The information as specified in item 2 above could be named in many different ways
so the user is required provide the column names that align with the parameters. The example below demostrates the parameters used for the metadata as displayed above.

# produce capture history summary tables
summary_tables(groups_csv = "hclust_numerical_mismatch_h4_withGroups.csv", 
               metadata = "lookup.csv", 
               prefix = "ID_", 
               sample = "sample", 
               site_ID = "roost_name", 
               field_date = "collection_date", 
               lat = "dec_lat", 
               long = "dec_long")

The other parameters include the groups csv, the name of the metadata csv and the prefix. The prefix relates to the prefix that is placed in front of the sample name that appears in the groups csv. The user needs to provide this so that when stripped off it will match the sample names in the metadata csv. It should include any underscores or hashes etc. If there is no prefix that needs to be accounted for, empty quotes e.g. “” should be used.

A leaflet map

Lastly create a leaflet map. The software that handles the mapping requires all coordinates to be in WGS84. This is the usual default output of most GPS systems. If the map fails or produces unexpected results then this could be the issue. Whoever captured or provided the data should know the coordinate reference system used when logging the data.

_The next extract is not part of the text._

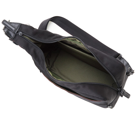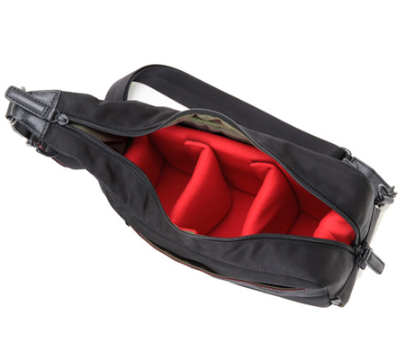 Left, right and front access to gear as well as a shoulder strap which adjusts with one finger are a few good reasons to consider the black RRN-01C Sling Bag from Artisan & Artist. The bag features a main compartment with a removable insert for storing a mirrorless camera body with an attached normal or wide angle lens, one extra lens, and a small accessory such as a flash or exposure meter. Next to the insert is a slip-in pocket for a small tablet. Two, included, padded, touch-fastening dividers create three sections for organizing gear to your liking.

The function for the map uses the same parameters as for the summary tables.

# make an interactive map
leaflet_map(groups_csv = "hclust_numerical_mismatch_h4_withGroups.csv", 
               metadata = "lookup.csv", 
               prefix = "ID_", 
               sample = "sample", 
               site_ID = "roost_name", 
               field_date = "collection_date", 
               lat = "dec_lat", 
               long = "dec_long")

The output is shareable, will open in any browser and has a few features apart from being able to pan and zoom.

Red arrow - toggle off and on layers (sites, individuals)
Green arrow - distance and area widget can be used for calculations
Blue arrow - zoomed out location map
Yellow arrows - show sites or locations depending on which layer you are showing. Blue marker is a single entity. Green circle with number indicates multiple records at this location. Zooming in on a green circle will expand the site or locations so all can be interrogated (mouse over) for information.